Using the data that follows, return exactly the lines from the one that contains "- Placez délicatement" through the one that contains "Registered Letter No 24, Rec’d Nov 24, 1881", ends included.

══ Entries supplied

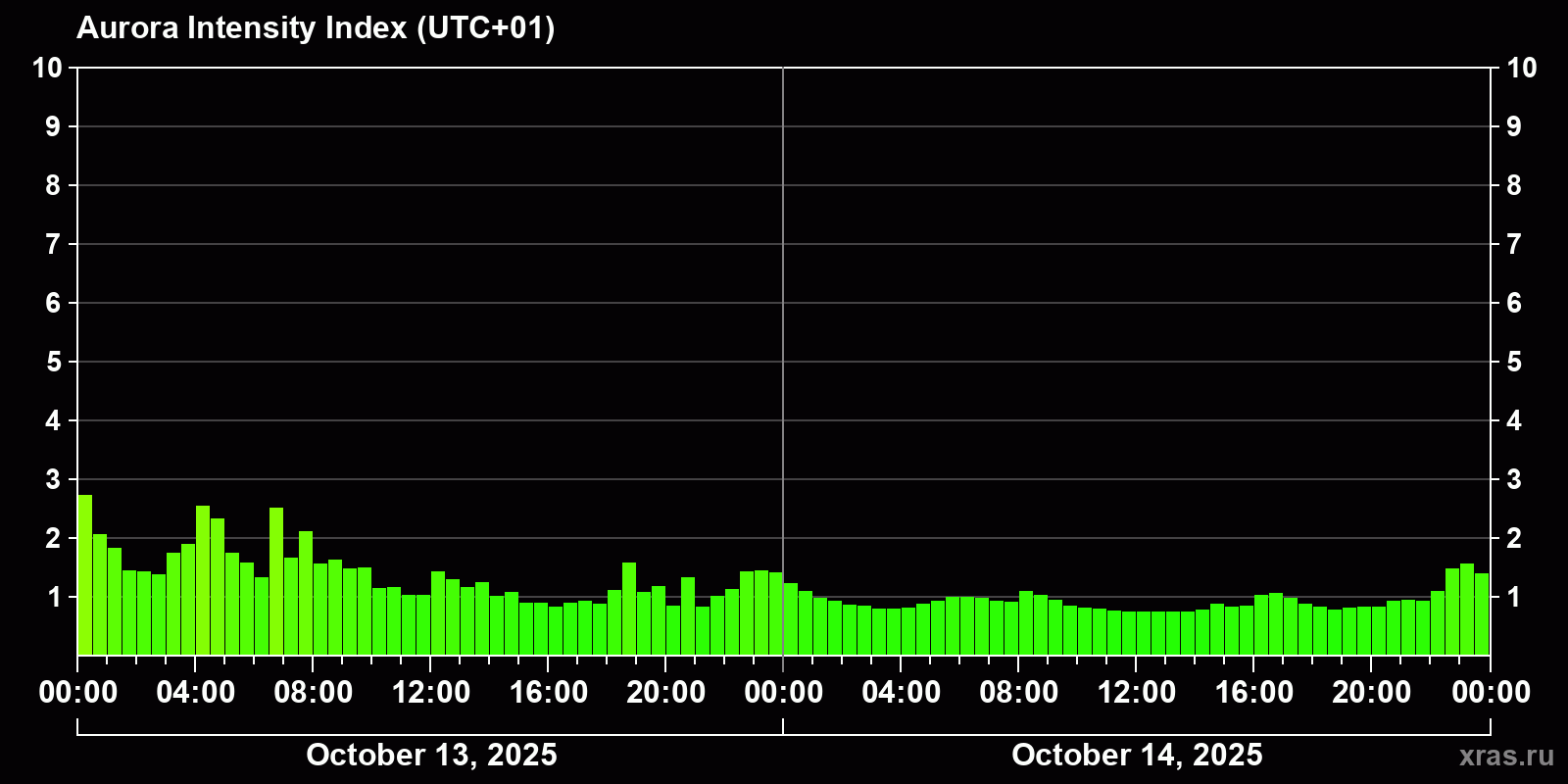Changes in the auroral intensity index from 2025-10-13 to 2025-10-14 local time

════
══ Entries supplied

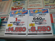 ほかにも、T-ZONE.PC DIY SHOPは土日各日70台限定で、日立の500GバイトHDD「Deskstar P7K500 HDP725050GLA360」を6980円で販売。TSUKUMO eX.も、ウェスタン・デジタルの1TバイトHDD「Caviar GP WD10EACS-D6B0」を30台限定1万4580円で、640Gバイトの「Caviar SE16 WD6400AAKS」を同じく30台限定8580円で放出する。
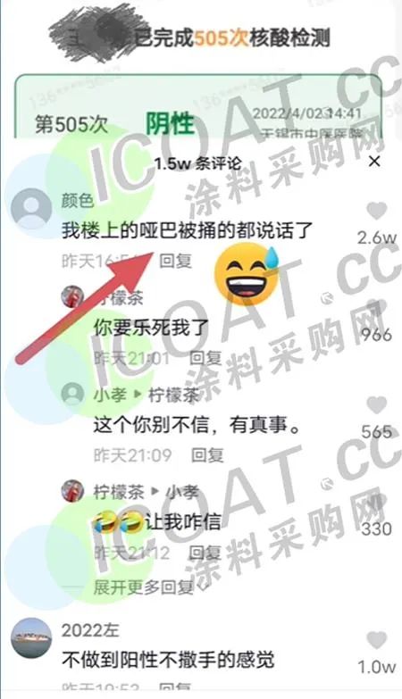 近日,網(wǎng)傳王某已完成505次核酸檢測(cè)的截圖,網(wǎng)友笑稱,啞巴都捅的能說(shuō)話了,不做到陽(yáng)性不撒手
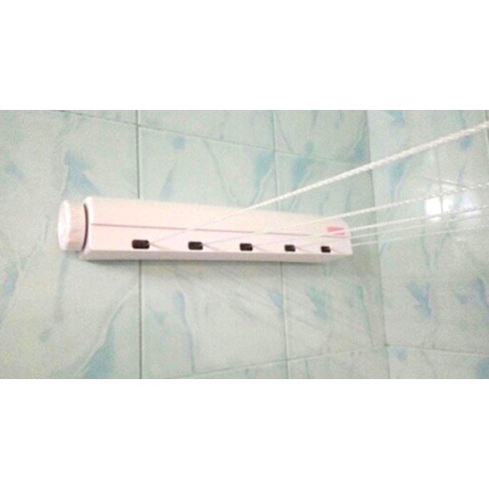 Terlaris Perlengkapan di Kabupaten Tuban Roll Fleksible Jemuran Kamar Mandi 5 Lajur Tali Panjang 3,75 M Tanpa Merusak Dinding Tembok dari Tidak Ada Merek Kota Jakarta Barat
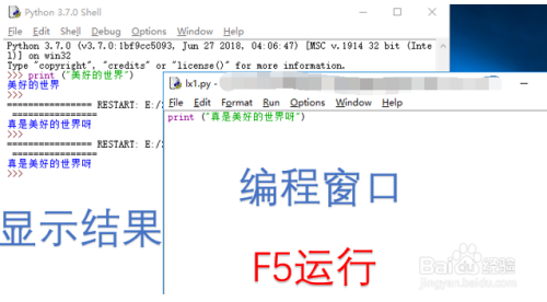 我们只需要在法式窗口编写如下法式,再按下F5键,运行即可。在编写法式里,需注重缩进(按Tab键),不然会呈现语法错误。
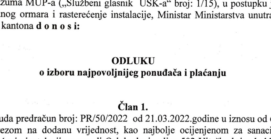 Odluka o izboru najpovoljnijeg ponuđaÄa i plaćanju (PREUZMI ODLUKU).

════
══ Entries supplied

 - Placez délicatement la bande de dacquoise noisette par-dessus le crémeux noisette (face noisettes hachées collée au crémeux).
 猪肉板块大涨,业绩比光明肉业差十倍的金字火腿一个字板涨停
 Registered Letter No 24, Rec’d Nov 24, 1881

════

### Task result:
 - Placez délicatement la bande de dacquoise noisette par-dessus le crémeux noisette (face noisettes hachées collée au crémeux).
 猪肉板块大涨,业绩比光明肉业差十倍的金字火腿一个字板涨停
 Registered Letter No 24, Rec’d Nov 24, 1881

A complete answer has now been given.